Seed bugs (family Lygaeidae) are a diverse group of mostly herbivorous bugs. Two common, attractive, redand-black marked species are the small milkweed bug (Lygaeus kalmii) and the large milkweed bug (Oncopeltus fasciatus). The bright, aposematic coloration of these milkweed bugs is meant to deter potential predators, because these insects are distasteful due to alkaloid chemicals accumulated from their food of milkweed (Asclepias spp.). The chinch bug (Blissus leucopterus) is a serious agricultural pest, especially of wheat, corn, and other grains in the grass family, as well as urban lawn-grasses.
The lace bugs (family Tingidae) are herbivorous insects with distinctive, very attractive, finely reticulated patterns on their head, thorax, and wings. The chrysanthemum lace bug (Corythucha marmorata) is common in much of North America, feeding on various species in the aster family, and sometimes occurring in greenhouses.
The leaf-footed or coreid bugs (family Coreidae) are common, herbivorous insects. The squash bug (Anasa tristis) is a pest of pumpkin and squash crops, feeding on the leaves of these plants and causing them to droop and turn black.
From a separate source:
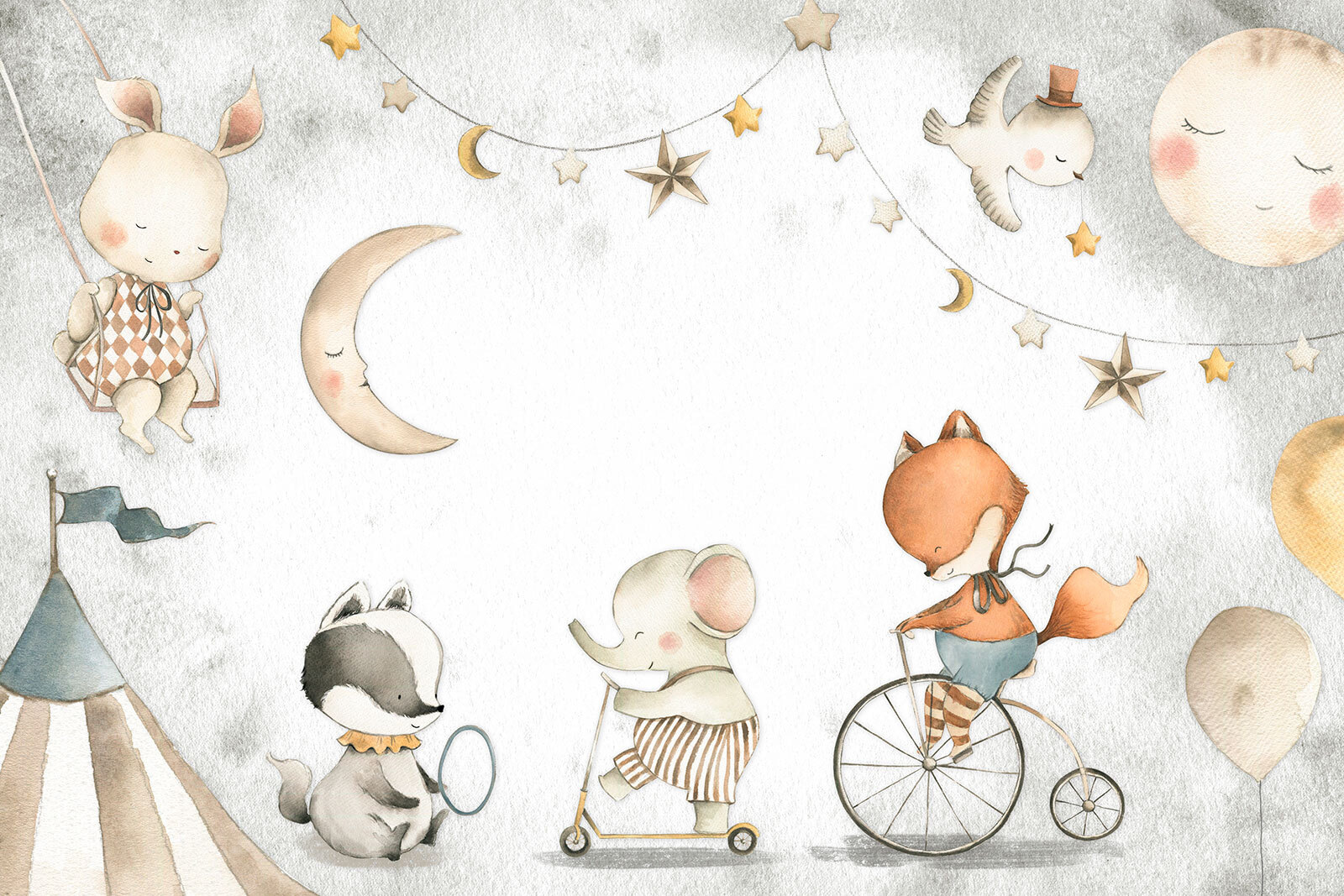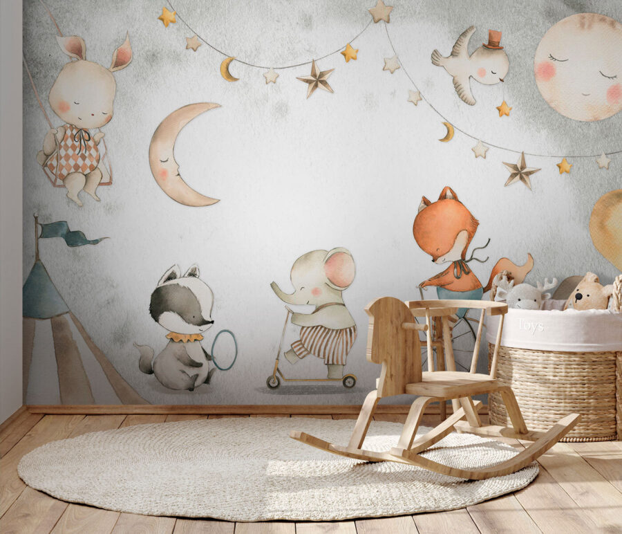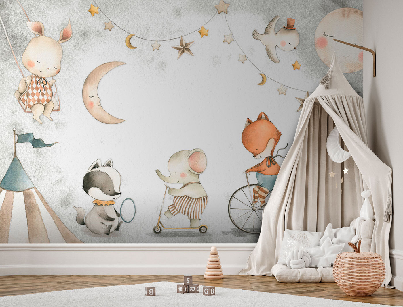 Transforma la habitación de tu hijo en un caprichoso país de las maravillas con el mural de pared “Animales juguetones en el carnaval del circo”. Este encantador estampado te transporta a un acogedor carnaval de ensueño, donde encantadores animales juegan y retozan bajo un cielo estrellado. Perfecto para añadir un toque de magia a los dormitorios o zonas de juego, presenta un dulce conejito, un zorro juguetón y otros adorables amigos que se divierten en varias atracciones de carnaval. Te encantará ver cómo se ilumina la cara de tu pequeño cuando descubra las encantadoras escenas. No es sólo decoración de pared; es una dosis diaria de alegría. Imagínese cuentos para dormir con este telón de fondo: ¡pura magia!
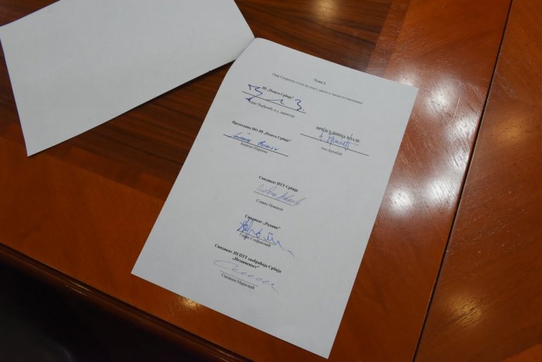 Na sastanku u Vladi Srbije postignut je dogovor sa predstavnicima radnika Pošte Srbije, na osnovu sporazuma koji su potpisali Predsednica Vlade Republike Srbije Ana Brnabić i predstavnici sindikata.

The box-elder bug (Leptocoris trivittatus) is an attractive, red-and-black colored insect that feeds on species of maples, but does not cause important damages.
The stink bugs (family Pentatomidae) are relatively large and common bugs that produce malodorous smells as a defensive response when they are roughly handled. Many of the stink bugs are brightly colored, for example, the harlequin bug (Murgantia histrionica), an important pest of crops in the mustard family, such as cabbages, turnip, and radish.